In the above-displayed output, a range of powerful numbers is displayed. Here, the input is 10, and the program prints the powerful numbers and not powerful numbers from 1 to 10.

The powerful numbers from 1 to 10 are 1, 4, 8, and 9.

**Output 2:**

In the above-displayed output, a range of powerful numbers is displayed.
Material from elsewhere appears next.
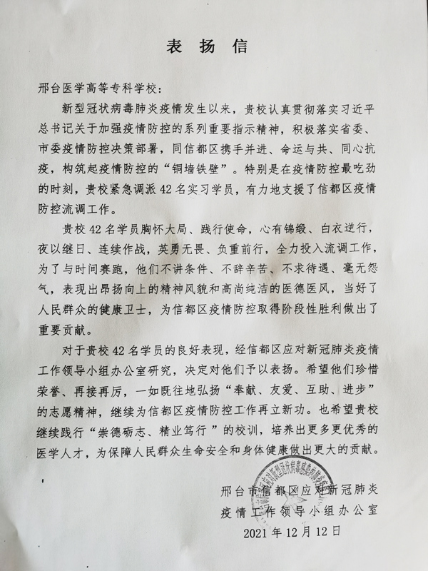 近日,我校收到来自邢台市信都区应对新冠肺炎疫情工作领导小组办公室发来的表扬信。信中表扬我校认真贯彻落实习近平总书记关于加强疫情防控的系列重要指示精神,积极落实省委、市委疫情防控决策部署,同信都区携手并进、命运与共、同心抗疫,构筑起疫情防控的“铜墙铁壁”。特别是在疫情防控最吃劲的时刻,紧急调派42名实习学员,有力地支援了信都区疫情防控流调工作。

Here, the input is 20, and the program prints the powerful numbers and not powerful numbers from 1 to 20.

The powerful numbers from 1 to 10 are 1, 4, 8, 9, and 16.

## Program to find powerful numbers in a given range

**File name: **Pow2.java

```
// Java program to find only the powerful numbers.
import java.io.* ;
import java.util.* ;
class Pow2 {
// function to
//determine whether a number is powerful or not
static boolean isPowerful(int p)
{
// First, divide the number
//by two repeatedly.
while (p % 2 == 0) {
int power = 0;
while (p % 2 == 0) {
p /= 2;
power++ ;
}
// Return false if only 2^1 divides n (no higher powers)
if (power == 1)
return false ;
}
// This loop will run if n is not a power of 2.
// re-do the previous steps.
for (int factor = 3; factor <= Math.sqrt(p); factor += 2) {
// Determine the greatest power of the "factor" that divides n.
int power = 0;
while (p % factor == 0) {
p = p / factor;
power++ ;
}
// Return false if only factor^1 divides n (not higher powers)
if (power == 1)
return false ;
}
// Now, if n is not a prime number, it must equal 1.
// We return false if n is not 1 because prime numbers are not powerful
// numbers.
return (p == 1) ;
}
// code logic
public static void main(String[] args)
{
Scanner sc=new Scanner(System.in) ;
int n=sc.nextInt();
System.out.print("Powerful numbers : ") ;
for(int i=1;i<=n;i++){
if (isPowerful(i))
System.out.print(i+" ") ;
}
}
```

**Output:**

The above-displayed output displays a range of powerful numbers from 1 to 27.